AIM OF THE TASK. From the first line of the listing below to the line containing "3레이어 원단으로 제작된", write out everything exactly. No pictures.

DATA.
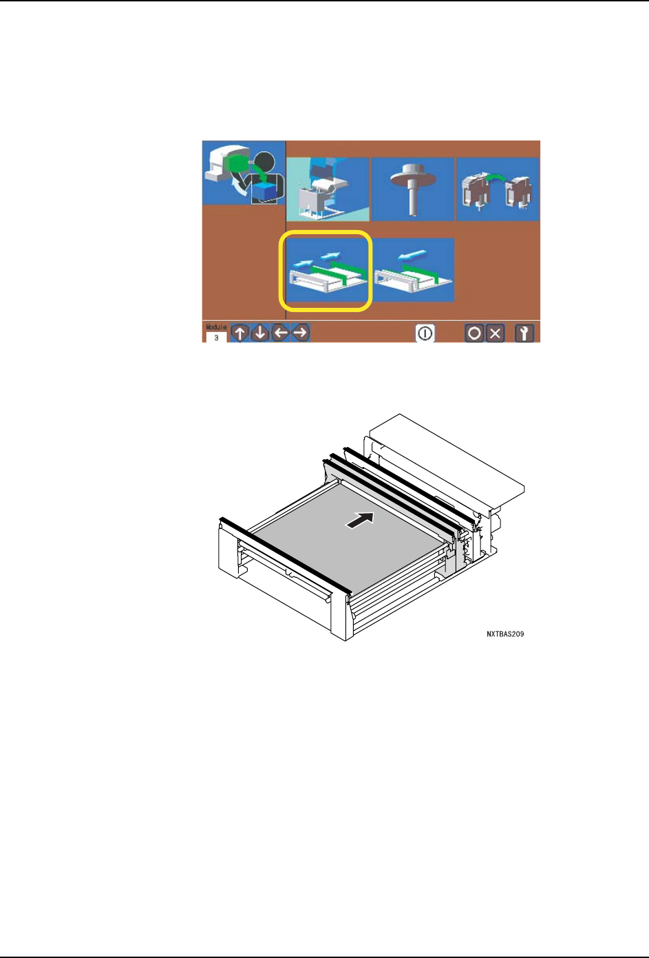 QD029-09 5. 基本操作 NXT 机械手册 125 12.请在通道 1 上安装新的备份板、按下 OK 按键。 13.请插入模组。 a. M3(S) 模组 的时候, 在插入模组 之前, 请确认 XS 轴等的机械 部位是否从模组中 凸出。 凸出的时候,请将模组退回。 b. 握住模组的手柄,直到碰到阻停块为 止慢慢地插入。 c. 模组自动地被拉入后锁定。没有被锁 定时,请稍微拉回一些模组后重新 压入。
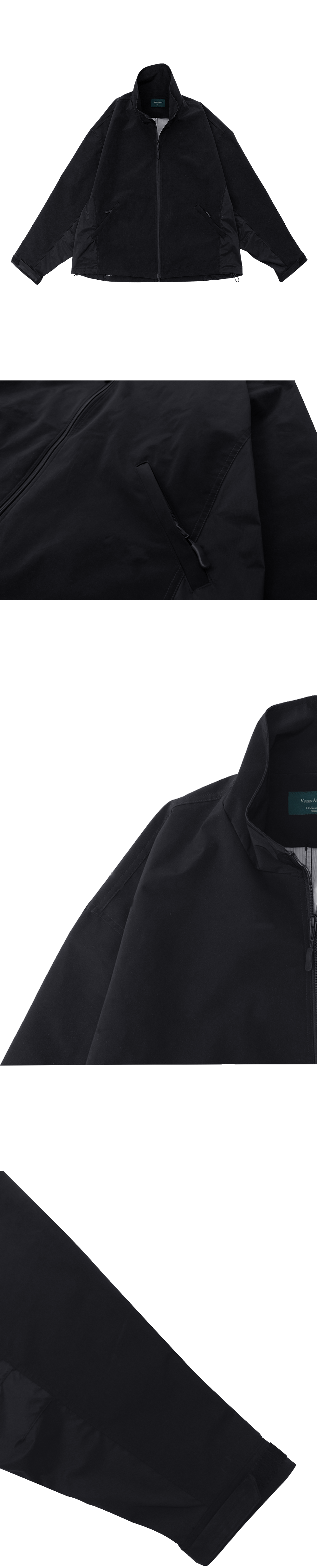 3레이어 원단으로 제작된 크롭 기장의 하드 쉘 자켓입니다. 견고한 원단감과 구조적인 실루엣이 특징이며, 방풍·방수의 기능성과 함께 날카로운 아웃라인을 연출합니다. MODEL 1 : 180CM / 61KG WEARING SIZE : 1 MODEL 2 : 177CM / 59KG WEARING SIZE : 2
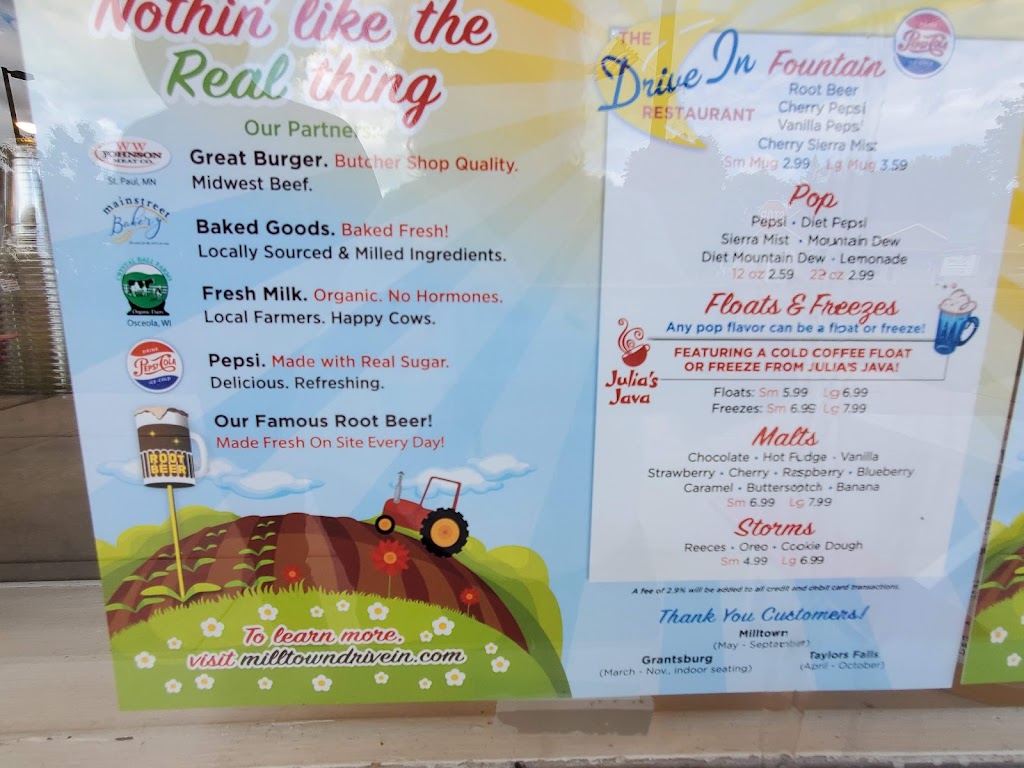 Great burgers, good (not great) fries, delicious malts and root beer. We've now been to all three locations and like the Taylor's Falls location best, but all are good.

ANSWER AREA.
 QD029-09 5. 基本操作 NXT 机械手册 125 12.请在通道 1 上安装新的备份板、按下 OK 按键。 13.请插入模组。 a. M3(S) 模组 的时候, 在插入模组 之前, 请确认 XS 轴等的机械 部位是否从模组中 凸出。 凸出的时候,请将模组退回。 b. 握住模组的手柄,直到碰到阻停块为 止慢慢地插入。 c. 模组自动地被拉入后锁定。没有被锁 定时,请稍微拉回一些模组后重新 压入。
 3레이어 원단으로 제작된 크롭 기장의 하드 쉘 자켓입니다. 견고한 원단감과 구조적인 실루엣이 특징이며, 방풍·방수의 기능성과 함께 날카로운 아웃라인을 연출합니다. MODEL 1 : 180CM / 61KG WEARING SIZE : 1 MODEL 2 : 177CM / 59KG WEARING SIZE : 2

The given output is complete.